Папа был раввином в Жовкове, это под Львовом, и когда наши вошли туда. Я имею ввиду – Красная Армия. В конце концов, они оказались здесь. Это все было тысячу лет назад. Кто это сейчас знает? Вы же понимаете.
В общем, переводчик мне объяснил – папа был великим раввином. К нему съезжались из всей Польши, из Европы даже. Он был из династии. Он был цадик. И наш дедушка тоже был цадик. И прадедушка. Он был вождь своего поколения.
А мы, я, ничего не знали!

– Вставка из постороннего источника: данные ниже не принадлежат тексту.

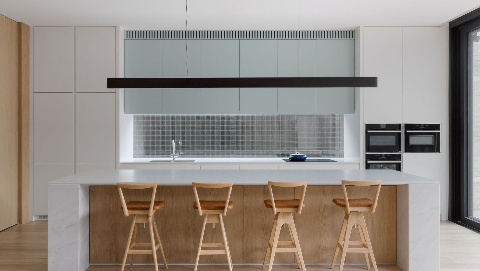Responding to the northerly rear orientation, the new generous kitchen, dining and living spaces connect seamlessly to the backyard via large sliding stacker doors. A palette of pale oak timbers, warm greys and lightly textured stone, add texture and warmth to the spaces, with subtle blue accent joinery and wall finishes for a touch of colour.
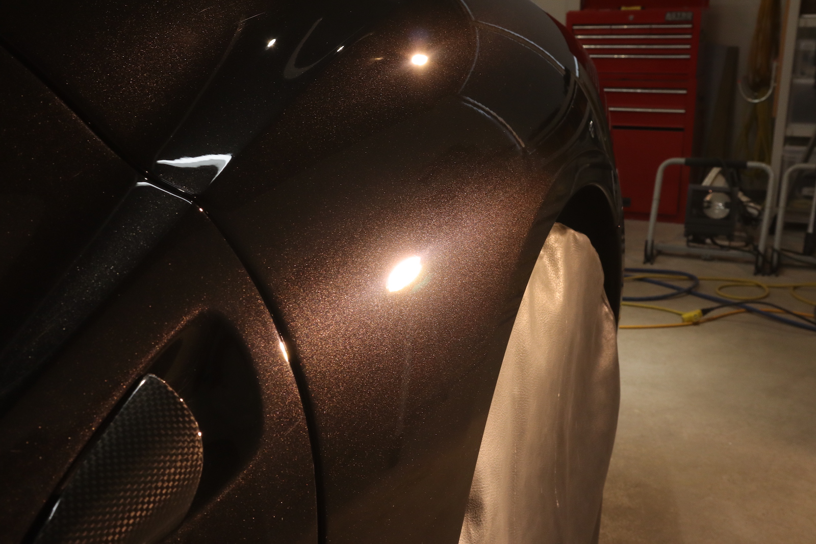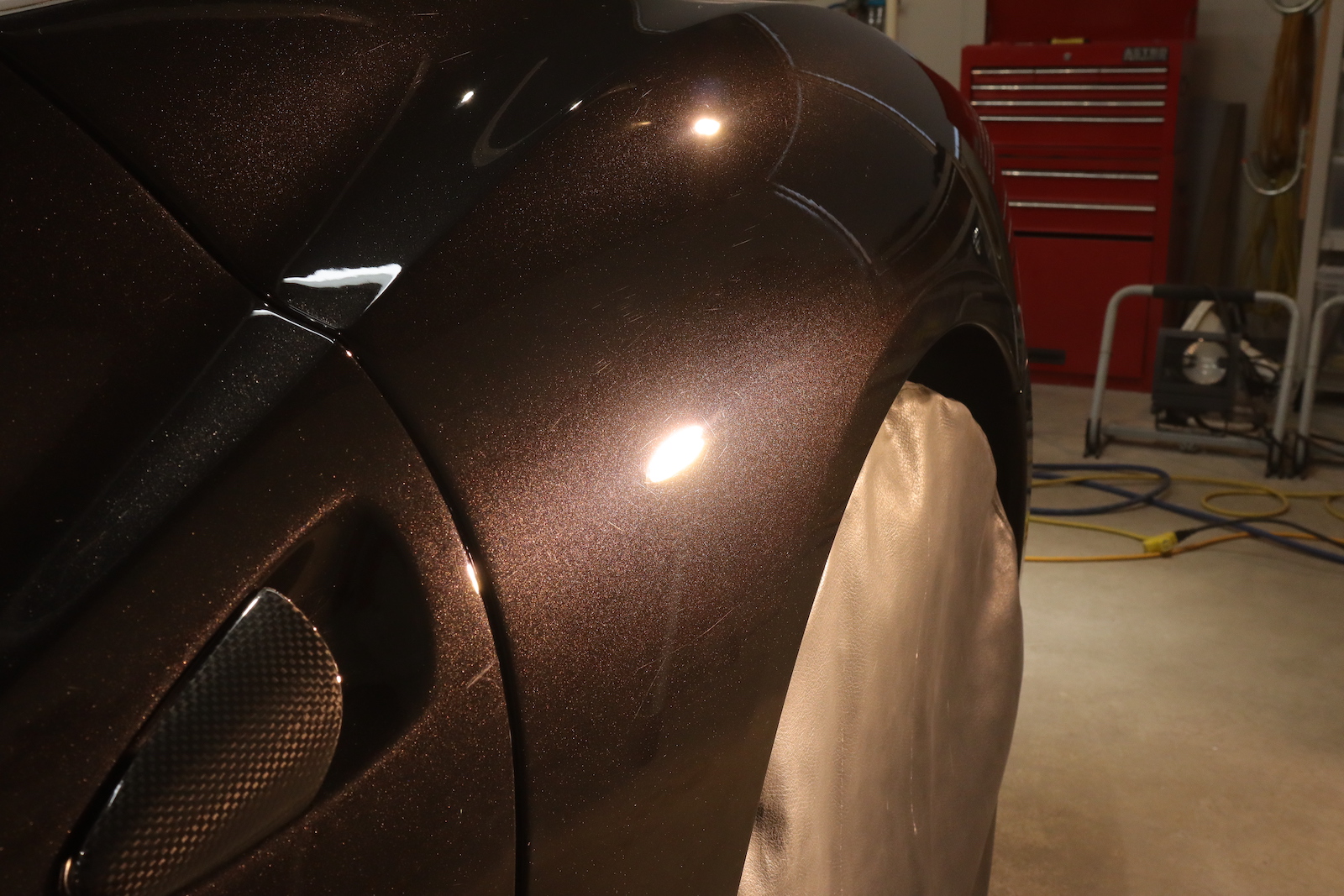 全ての洗浄と研磨作業が完了いたしました。塗装本来の艶も引き出されフェラーリらしくなりました。さらに2層の極艶ビューティフルコートを施工して艶を最大限にしてまいります。

Я-то выросла уже тут…
Я окончила школу, техникум, работала в магазине, потом в столовой… А Лида Куц работала на кассе и воровала деньги. Ее так повар научил – «от котлеты жир на кармане, ты деньги бери!» Ну, она и брала, – на детей. Вы же понимаете, тогда же все голодали, у всех же были дети…
Ну, я не знала, что делать. Ей было так тяжело, так тяжело… Вы себе не представляете. Я хотела сказать директору, пусть он примет меры. Но ее же могли арестовать? Я так плакала, так плакала!